PRACTICAL QUESTIONS
1. What is NumPy, and why is it widely used in Python?

-  NumPy (Numerical Python) is a powerful open-source Python library used for numerical and scientific computing.

 Here are the key reasons:

 i.Efficient array handling:
Provides the ndarray object for fast multi-dimensional array operations.
Much faster than Python lists for large numerical data.

 ii.Mathematical operations:
Supports element-wise operations (addition, multiplication, etc.) on arrays.
Includes functions for linear algebra, statistics, Fourier transforms, etc.

 iii.Broadcasting:
Allows operations between arrays of different shapes without explicit looping.

 iv.Memory efficiency:
Arrays take less memory compared to regular Python data structures.

 v.Integration:
Works well with other libraries like Pandas, Matplotlib, Scikit-learn, etc.

 vi. Foundation of data science & ML in Python:
Used as a base for many other popular libraries in data science and machine learning

2. How does broadcasting work in NumPy?

-  Broadcasting in NumPy is a set of rules that allow NumPy to perform element-wise operations on arrays of different shapes and sizes — without making copies of data.

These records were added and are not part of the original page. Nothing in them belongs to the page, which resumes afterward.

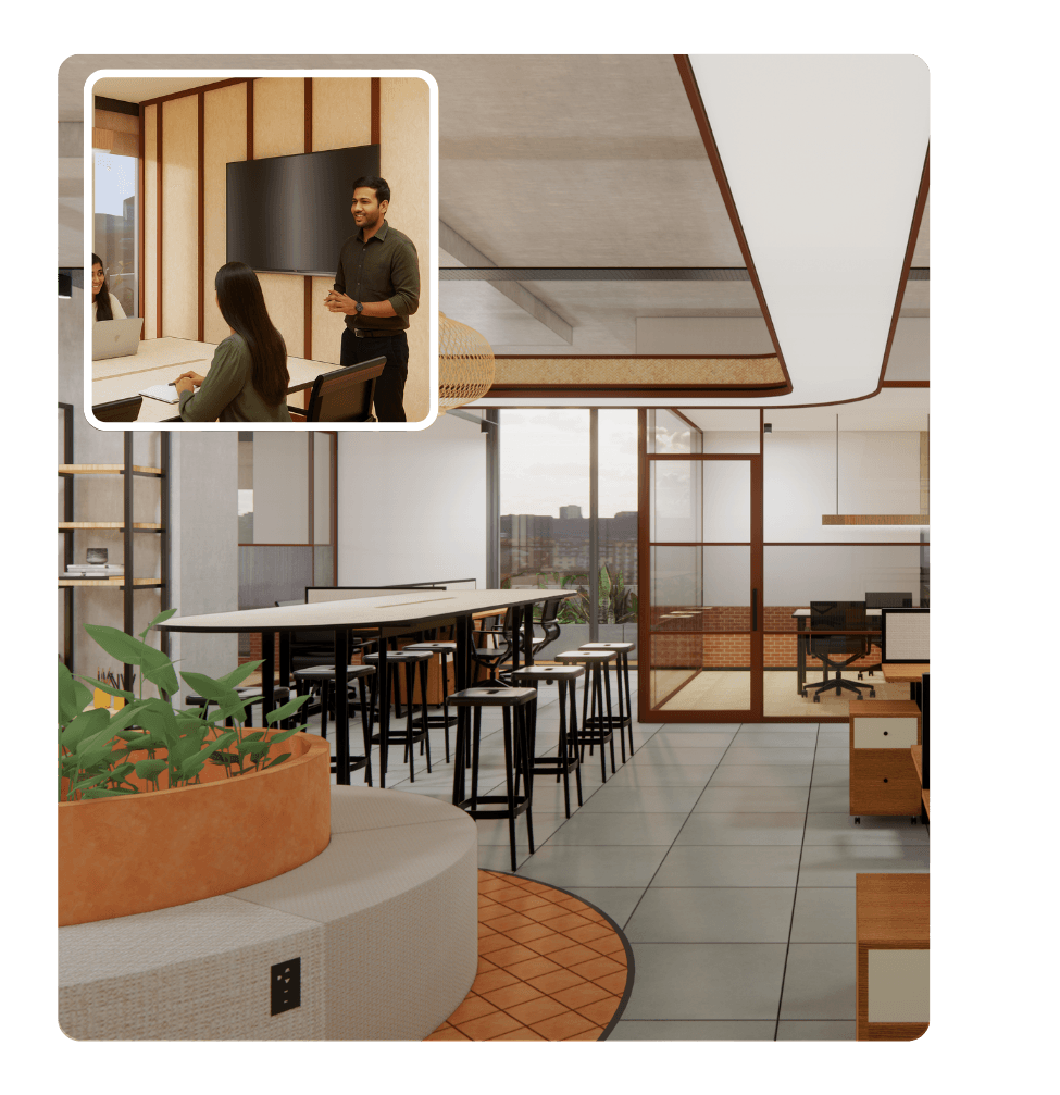 Dedicated zones crafted for efficiency and growth—featuring branded touchpoints, meeting rooms, and layouts designed for team connection.
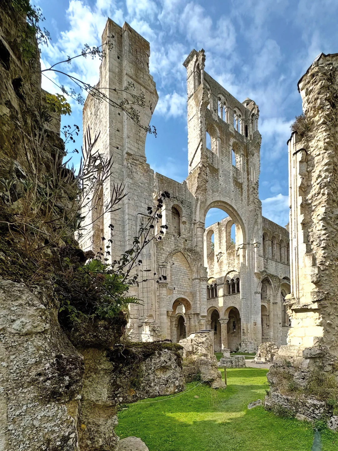 这里曾被雨果誉为 “法兰西最美的废墟”,它不是完全的坍塌,而是保留了近50米高的白色双塔,建于7世纪,也正是这份“残缺”,让它拥有了一种悲壮而宁静的史诗感..
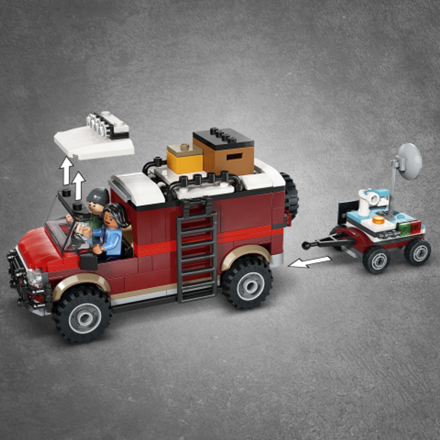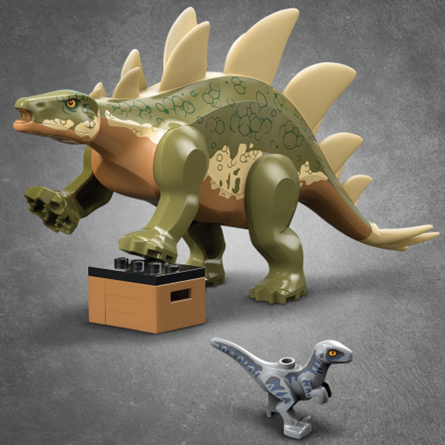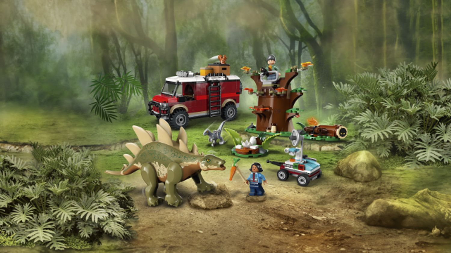 Hefte dich mit Sammy und Ben an die Fersen des mächtigen Stegosaurus! Kopple den Anhänger an den Geländewagen und mach dich auf die Suche nach dem gigantischen Pflanzenfresser. Dort ist ein Ausguck! Schnapp dir die Leiter und klettere hinauf, um Ausschau nach dem Dino zu halten. Was ist denn das dort im Gebüsch? Da ist der Stegosaurus! Versuche, ihn mit der Karotte anzulocken. Was für ein Tag!
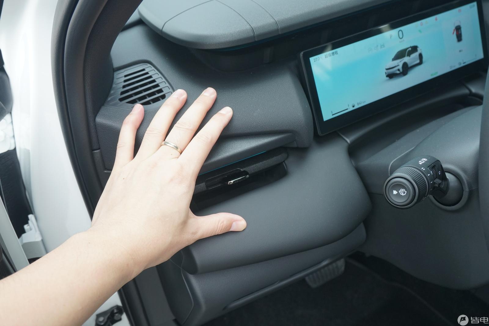 06EM-P沿用了與08一樣的懸浮島設計,雖然材料摸起來是硬的,但是上面做了一些仿縫線的設計,增加了視覺的質感,加上門板上的氛圍燈,在這個價位里面,領克06EM-P呈現了很好的質感;
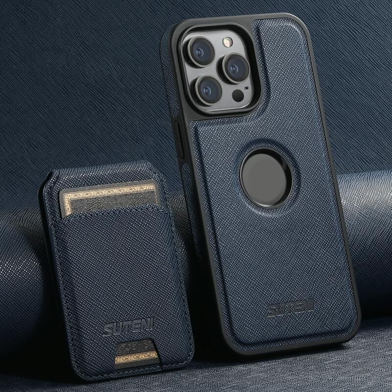 Θήκη τηλεφώνου με κάθετη θήκη καρτών MagSafe, δέρμα Suteni M2 με διασταυρούμενη υφή για iPhone 15 Pro (Καφέ) (Suteni)
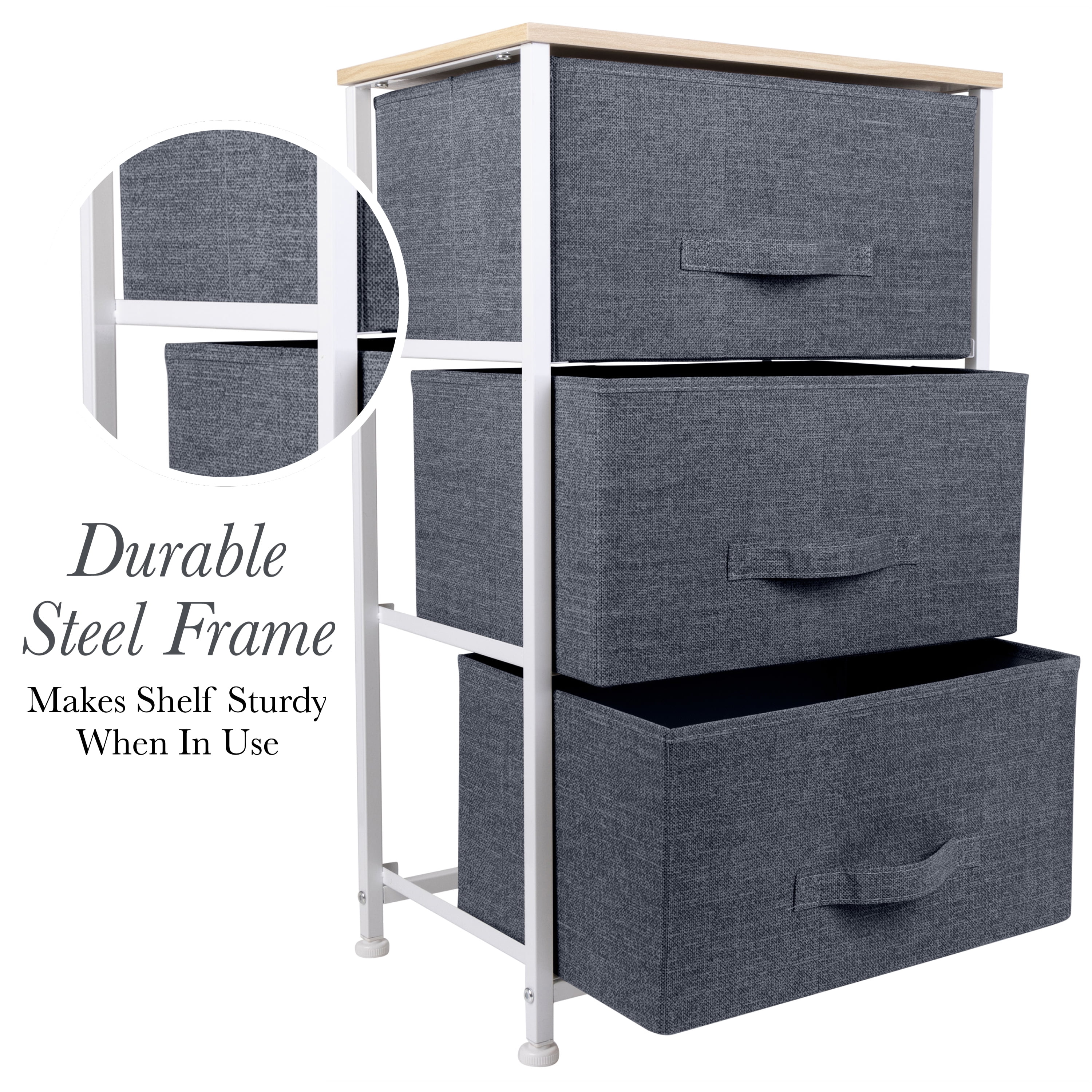 Add extra drawer space anywhere with the Simplify Adult 3 Drawer Storage Chest. Designed with 3 breathable non-woven drawers and a work top surface, this is the perfect addition to any room in the house. This piece would be perfect in a closet or bedroom. This chest has a durable steel frame which allows it to be sturdy when in use yet easy to transport from room to room. The chest is easy to assemble and all hardware is included.
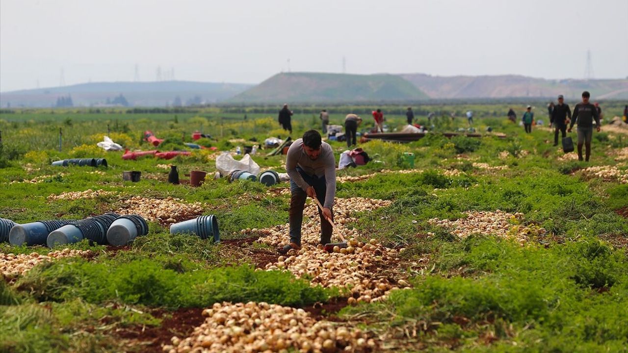 Verimli topraklarında yıl içerisinde birden fazla ürünün yetiştirildiği Amik Ovası'nda, turfanda soğan hasadına başlandı.

3. What is a Pandas DataFrame?

-  A Pandas DataFrame is a two-dimensional, size-mutable, and heterogeneous data structure used in Python for data manipulation and analysis. It is similar to a table in a database or an Excel spreadsheet, where data is arranged in rows and columns. Each column in a DataFrame can hold data of a different type, such as integers, floats, or strings, and both the rows and columns are labeled, making it easy to access and manipulate the data. DataFrames are particularly powerful because they allow for efficient handling of large datasets, including filtering, grouping, merging, reshaping, and handling missing values. They also support input and output operations with various file formats like CSV, Excel, SQL databases, and JSON, which makes them highly versatile for real-world data tasks.

4. Explain the use of the groupby() method in Pandas.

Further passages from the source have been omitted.